Until November 2007, Leon was a principal and senior trader in an internal structured-credit hedge fund
at Banc of America Securities. His prior experience includes strategist/modeler roles in US Treasury
securities, US agencies, interest-rate derivatives, and mortgage-backed securities. From 1994-95, Leon
traded US agency securities at Citicorp Securities, and he was a credit-derivatives trader at ABN AMRO
from 1997-2000. He was a derivatives analyst in the Firmwide Risk Department at Goldman Sachs from
2000-03.
Leo Tilman
(Module II.3)
Leo M. Tilman is President of L.M. Tilman & Co., a strategic advisory firm that serves governments,
financial institutions, corporations, and institutional investors worldwide. L.M. Tilman & Co. helps its
clients create real and lasting economic value in finance and is headquartered in New York City. Prior to
founding the firm, Mr. Tilman held senior positions with BlackRock as well as Bear Stearns, where he
was Chief Institutional Strategist and Senior Managing Director.

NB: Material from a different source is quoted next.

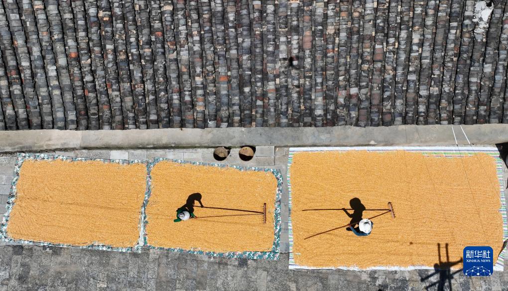 9月2日,在重慶市黔江區金洞鄉鳳臺村葉家大院,村民在晾曬玉米(無(wú)人機照片)。

Mr. Tilman teaches finance at Columbia University—his graduate as well as undergraduate alma mater.
He is the author of Financial Darwinism: Create Value or Self-Destruct in a World of Risk (Wiley, 2008),
co-author of The Risk Paradigm (forthcoming from Oxford, 2009), co-author of Risk Management
(Wiley, 2000), and editor of Asset/Liability Management of Financial Institutions (Institutional Investor,
2003).
Mr. Tilman is a contributing editor of The Journal of Risk Finance and a frequent speaker at leading
business schools and conferences worldwide. He serves on the advisory board of the Center on Capitalism
and Society at Columbia University and on the board of directors of Atlantic Partnership. Mr. Tilman was
honored by the World Economic Forum as a Young Global Leader, joining a select group of executives,
public figures and intellectuals recognized for “their professional accomplishments, commitment to
society and potential to contribute to shaping the future of the world.”